Disclaimer: If you are not terribly interested in numerics and mathematical processes, this is most likely nothing for you.
I am currently a bit stuck in a development process of a private project I followed for a long time and I think I need some input because I cannot decide how to do it best. Unfortunately I must explain the problem a bit.
EDIT: This is NOT about rounding implementation. This is already done, both for float/doubles and arbitrary precision. You can assume I have enough knowledge about numerics, rounding modes and floating-point problems, the problem is how to design rounding operators in a stack-based program.
I am interested in the reproducibility problem in numerical computations. Due to the immense power (billions of operations per second) and certain problems by the languages used for number crunching (C and FORTRAN), people cannot check what the machine is actually doing in contrast what the machine is supposedly doing (Deteoriation of language standards like indifference to qNaNs and sNaNs, allow to "optimize" a+(b+c) == (a+b)+c, x86 vs MME floating-point, silent FMA support etc. etc.). This view is shared by William Kahan, the designer of the x86 floating-point architecture.
So I worked on a stack-based language like FORTH which allows reproducible results. You have types: aggregates (Vector,Matrix,Tensor) and numbers (complex, reals). You put two space instances on the stack, execute an ADD, and you get the resulting sum. If the spaces were two floats, you get a float. If the spaces were two doubles, you get a double. If the two spaces were arbitrary precision numbers, you get an arbitrary precision number. The same with vectors and matrices.

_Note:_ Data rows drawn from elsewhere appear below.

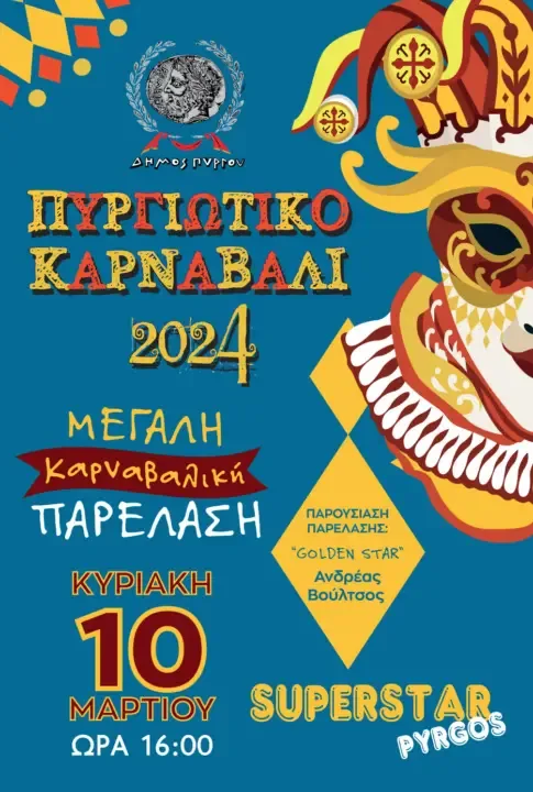 Στο επίκεντρο του ενδιαφέροντος χιλιάδων κατοίκων από την Ηλεία και όχι μόνο αναμένεται να βρεθεί το Πυργιώτικο Καρναβάλι που διαθέτει πληθώρα εκδηλώσεων με κύριο στόχο να βγάλει μικρούς και μεγάλους στο δρόμο προκειμένου να διασκεδάσουν με ασφάλεια.
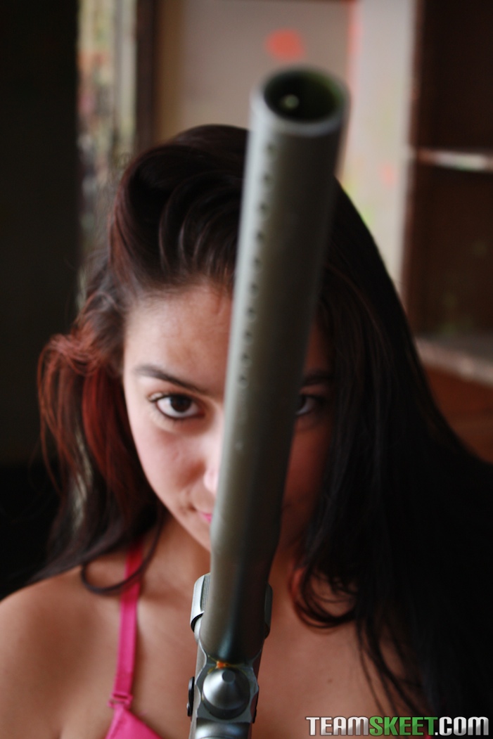 拉丁裔黑发少女Arelis Lopez 玩弄漆弹枪 - 图片 9 / 21
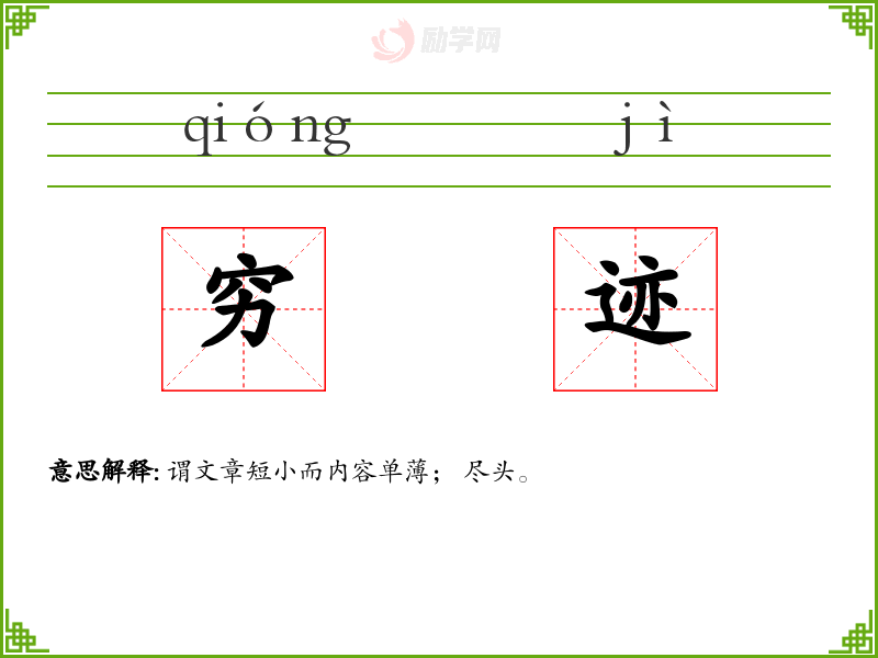 穷迹的意思是:谓文章短小而内容单薄; 尽头。
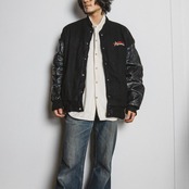 刺繍入り レザー切り替え ブラックスタジャン【1113T16】
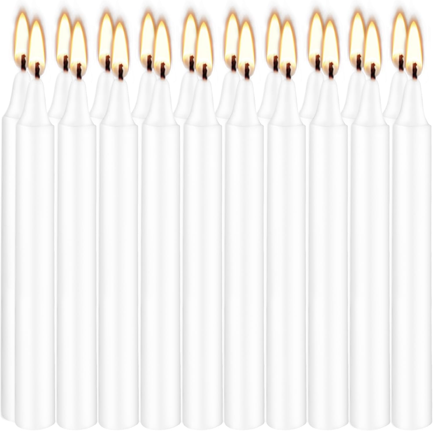 - LONG-LASTING: A set of 20 taper candles burning time of 30 hours, 1.5 hours each,Candles are for everyday use and special occasions.

My aching problem is rounding. If we exclude exact rationals, after division every higher operation (algebraic and transcendental operations) requires rounding. There are two rounding operations which are already implemented: place rounding, setting the exact position of the rounding (rounding down: 2.345 using 0 => 2 / 2.345 using -1 => 2.3) and significant digits rounding by setting the length of the result (rounding down: 2.345 using 1 = 2 / 2.345 using 2 = 2.3).
The approaches:
One ring to rule them all: Only one rounding setting for all available types. Problem: Some operations are exact and should be executed as such; arbitrary precision numbers offer exact addition and exact multiplication. If I define e.g. ADD_EXACT I include a keyword which is not implemented by most datatypes and will be therefore a normal ADD and the danger is that I (or others) forget to use ADD_EXACT when necessary. Another problem is that it is makes sense to use different rounding modes for some operations: place rounding for addition and significant digit rounding for multiplication. I fear to swamp the program with unnecessary switches to set the rounding mode.
Perhaps some more rings....: Several settable rounding modes. Allows adding and multiplication independently. Problem: Much more possibilities (set and retrieve rounding mode, rounding operation and rounding parameter). How many choices do I offer ? Only two and risking that if e.g. FMA cannot be supported or many more and risking to overwhelm the program with much too much rounding bureaucracy ?
Rounding is a crucial operation and once implemented, it cannot be changed easily. This must be solved as good as possible.
What I need is a simple and elegant model and I fear that I have worked so long on it that I simply do not see it and/or need a plan to find out the right solution. Help is very appreciated and I will update this post to clarify some aspects I may have forgotten.
EDIT: Performance: Is not the design goal. It does not help you to get an incredibly fast wrong answer. It does not help you if two programmers on different machines get a different or (even similar) result if noone knows what is the right answer (or that even both are wrong). The goal of the program is exactly that: Find out when IEEE 754R precision will fail and find indicators and methods to validate numeric results. If you know that double precision and the tool will get you to the solution, by all means use C and FORTRAN.